23 November 2008 @ 11:55 am
tar vs. dump  
Some people claim dump is irrelevant. Linus Torvalds claimed at some point that dump was a relic of the past. The real issue was that there was no way in Linux to synchronize a file system at the time due to a silly bug in the kernel.

Well, a lot of people still find dump a useful tool. Its easy to use and its fast. In fact its really fast. tar and just about every other backup tool accesses the filesystem through the directory structure. The filesystem on disk is not ordered in the same way as its directory structure and the result is a lot of time spent seeking. dump opens the underlying device and accesses the data in its native order.
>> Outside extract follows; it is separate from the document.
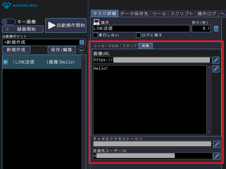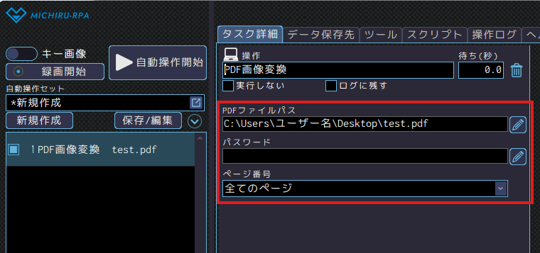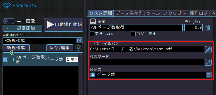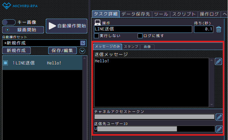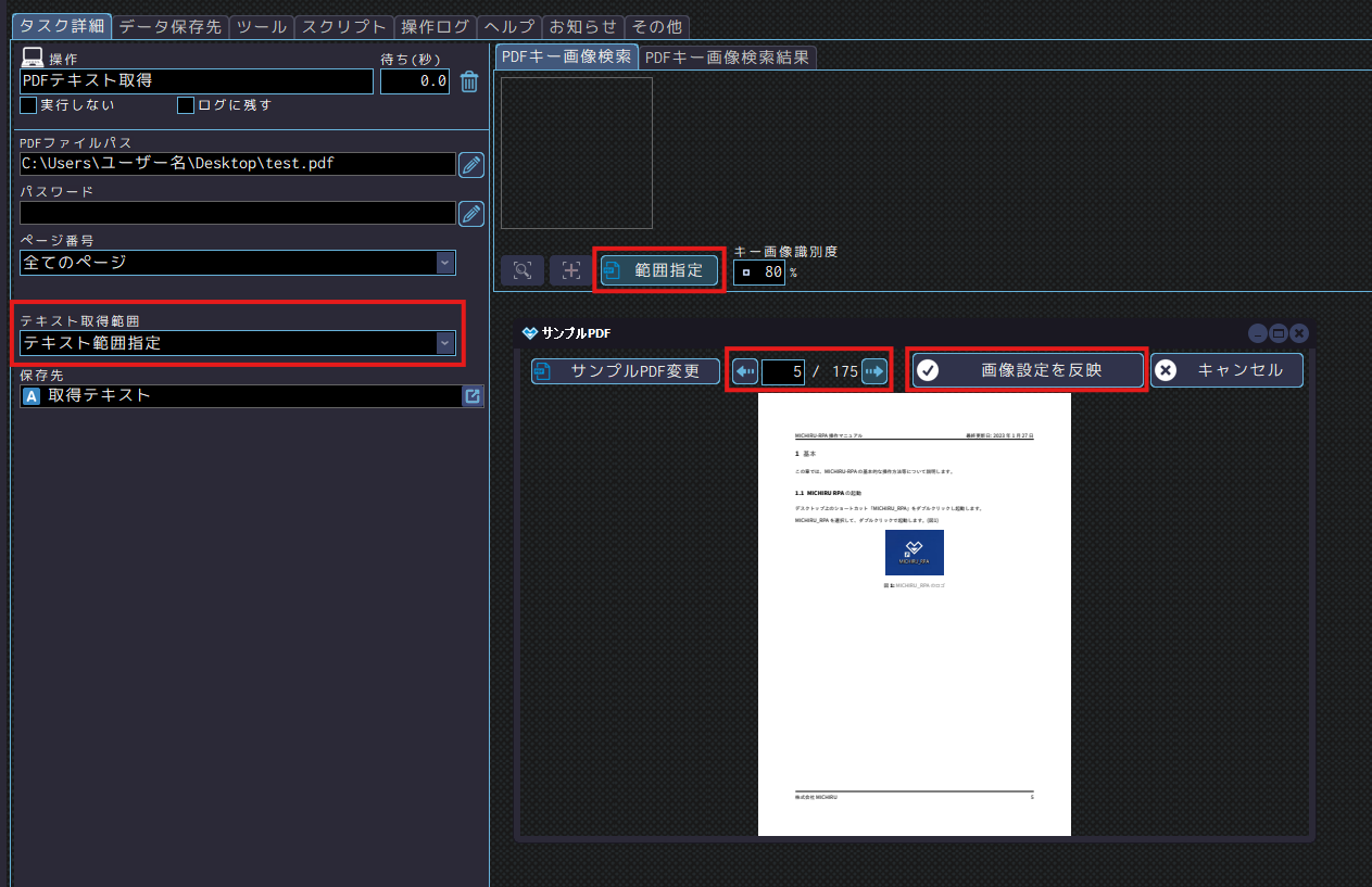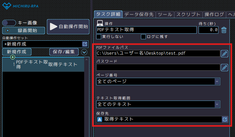 各操作の詳細設定は拡張画面で行います。操作対象画面や操作の場所を特定するために必要な設定等、各操作に共通する内容は MICHIRU RPA の仕組みと詳細設定をご覧ください。

I ran a primitive benchmark just now:
  1. sync the filesystem (an ext3 filesystem on a encrypted volume).
  2. flush out the page and dentry caches (echo 3 > /proc/sys/vm/drop_caches)
  3. run the backup
I did this for four different backup jobs:
  1. full backup with tar
  2. incremental backup with tar
  3. full backup with dump
  4. incremental backup with dump
The results:
tar cf - /home/perbu37m 55s
tar --after-date 2008-11-01 -cf - /home/perbu
3m 59s
dump -f - /dev/vg0/perbu13m 22s
dump -f -T 'Fri Nov 01 00:00:00 2008 +0100'   /dev/vg0/perbu2m 22s
The results are quite clear. Dump is far superior to tar performance-wise.  A lot of sysadmins have problems making the backup stay within its window and dump is a very useful tool to those people.

I would guess that on a SSD the results would more or less be the same as the seek times are more or less zero. If someone gets me an SSD I'll make a post abount it. :-)

However, there is a price for this performance. If your filesystem is very active there might be changes that are not yet flushed out to disk - these data might not be backed up completely. To be 100% sure everything is backed up you might want to take a snapshot of the devices and dump this.For a personal computer however, the risk in negligible.

Happy dumping!

iolandamignorte on November 12th, 2010 03:53 pm (UTC)
I've never used the incremental feature of a backup program so I have a question for you: usually it takes several days to acknowledge that I have a big problem on my computer so do I have the possibility to choose from a list of previous backups or the incremental feature will backup the problem as well?